Not just the big six: The challenger energy firms who've also raised prices

14 March 2019   By Jo Bailey

Small energy firms are also raising their prices following the Ofgem price cap increase.

Within days of the Ofgem announcement of the price cap increase, all six of the UK's biggest energy firms announced price rises in line with the new level.

While it's easy to point fingers at the biggest energy firms, it's not only these utility giants who are putting their prices up. Numerous smaller energy companies have also raised their prices, although they tend to get less bad press leaving many customers unaware.

The latest company to announce a price rise is First Utility. Their tariff increase is by the same amount as the Ofgem price cap increase: £117 a year.

The increase by First Utility is expected to affect more than 154,000 customers. Speaking about the decision to raise prices, First Utility have claimed it is due to 'the rising costs of energy, including wholesale and policy costs'.

Other small suppliers who have hiked their prices in response to the price cap include Bristol Energy, OVO Energy, Tonik Energy and Toto Energy. Only two suppliers, Igloo Energy and Bulb have actually lowered prices since the announcement was made.

energy prices

Price cap problems

Ofgem originally introduced the price cap to protect the estimated 11 million households who are not on a fixed price deal with their suppliers. These customers are on their suppliers default tariff, also known as a standard variable tariff (SVT), traditionally the most expensive way to buy energy.

At the outset, the price cap was expected to save customers on SVTs an average of £76 a year. However, last month Ofgem announced the cap level would rise by around 10%. However, they have insisted that this is a 'fair price' which reflects the cost of supplying energy and not supplier profiteering.

Despite a rise in the cap level, firms are still struggling to maintain profitability since the introduction of the cap.

British Gas owner, Centrica, have claimed that the price cap will have a negative effect on their profits.

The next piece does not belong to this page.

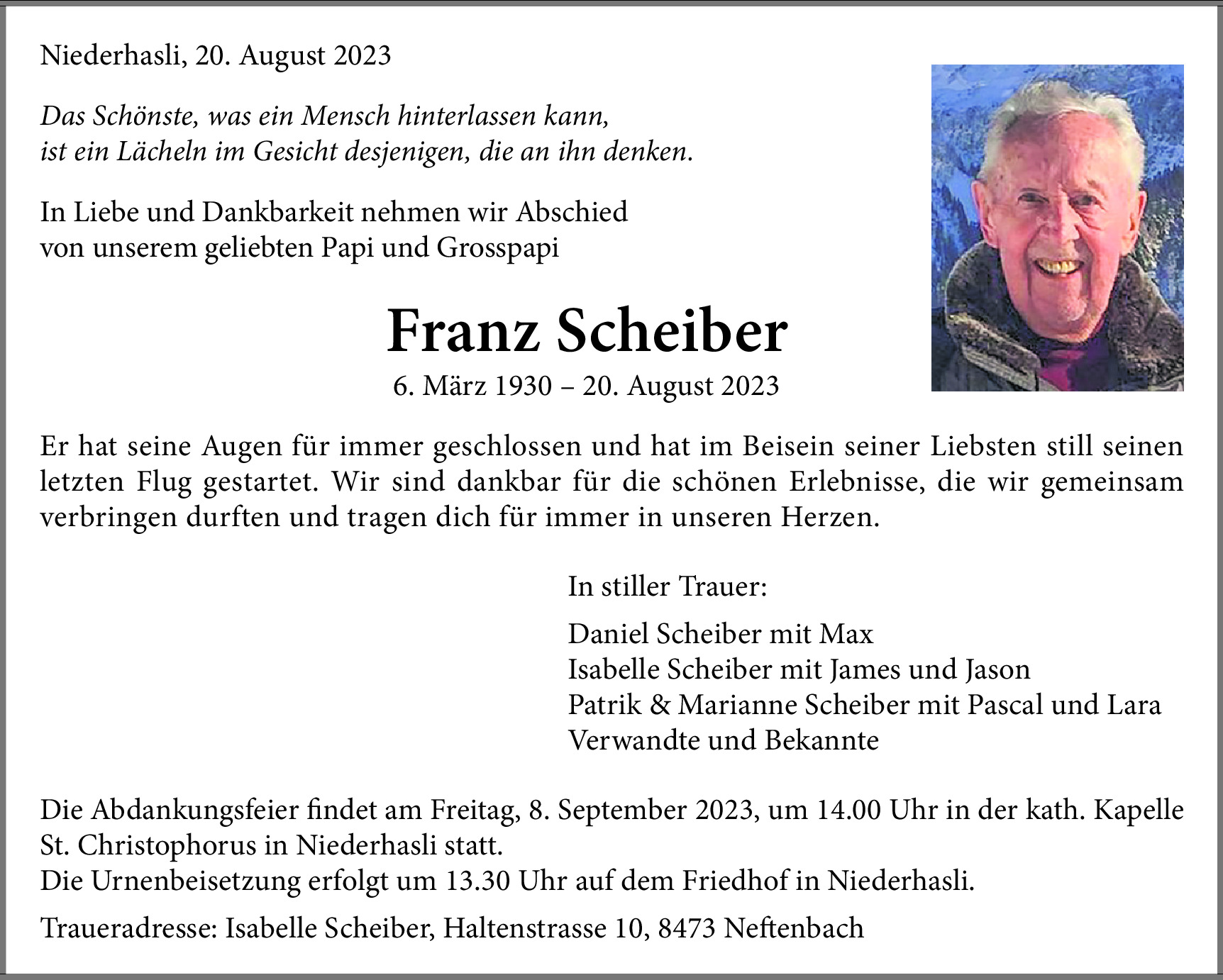 Möchten Sie über neue Todesanzeigen und Kondolenzen für diesen Verstorbenen informiert werden?

They are estimating a £300m reduction over the course of the year.

The merger between npower and SSE was abandoned, partly due to the introduction of the cap, and subsequently npower announced it would be cutting 900 jobs to save costs.

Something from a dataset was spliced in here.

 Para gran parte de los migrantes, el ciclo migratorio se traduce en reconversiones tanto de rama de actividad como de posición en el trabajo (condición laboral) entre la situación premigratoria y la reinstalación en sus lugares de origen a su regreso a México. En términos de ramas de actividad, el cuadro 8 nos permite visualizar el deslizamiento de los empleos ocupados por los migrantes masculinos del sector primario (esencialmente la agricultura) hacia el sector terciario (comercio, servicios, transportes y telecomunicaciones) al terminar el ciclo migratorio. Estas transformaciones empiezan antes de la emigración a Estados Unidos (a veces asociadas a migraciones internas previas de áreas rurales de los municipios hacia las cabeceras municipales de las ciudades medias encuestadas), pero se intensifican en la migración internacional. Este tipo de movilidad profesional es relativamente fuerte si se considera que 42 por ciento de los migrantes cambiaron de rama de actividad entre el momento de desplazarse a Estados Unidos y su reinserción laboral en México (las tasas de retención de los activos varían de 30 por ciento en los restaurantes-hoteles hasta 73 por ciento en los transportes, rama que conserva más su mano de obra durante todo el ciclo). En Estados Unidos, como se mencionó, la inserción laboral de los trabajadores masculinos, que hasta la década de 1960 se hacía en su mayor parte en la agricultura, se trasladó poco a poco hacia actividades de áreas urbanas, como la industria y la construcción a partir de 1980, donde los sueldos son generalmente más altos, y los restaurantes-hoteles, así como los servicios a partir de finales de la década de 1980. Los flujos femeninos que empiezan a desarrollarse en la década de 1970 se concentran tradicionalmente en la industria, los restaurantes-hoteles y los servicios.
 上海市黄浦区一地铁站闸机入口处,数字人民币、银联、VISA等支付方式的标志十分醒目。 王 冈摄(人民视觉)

Suppliers continue to fail

The stresses of the current climate within the energy industry continue to bring casualties in the small supplier market. Just this week, Brilliant Energy have become the latest company to fold, with Our Power and Economy Energy also having collapsed since the new year.

SSE, one of the big six providers, have of accused small firms of deliberately under-pricing their tariffs in order to appear at the top of comparison tables, calling the practice 'irresponsible'. At the end of last year, failed energy firms were thought to be costing bill payers around £80m, and it appears we haven't seen the last failure yet.

Although Ofgem's new supplier licensing tests aim to ensure better financial health of new entrants to the UK market, this won't help existing firms who are struggling to remain profitable.

Price rises are never a welcome prospect, but it seems they are inevitable if suppliers are going to survive.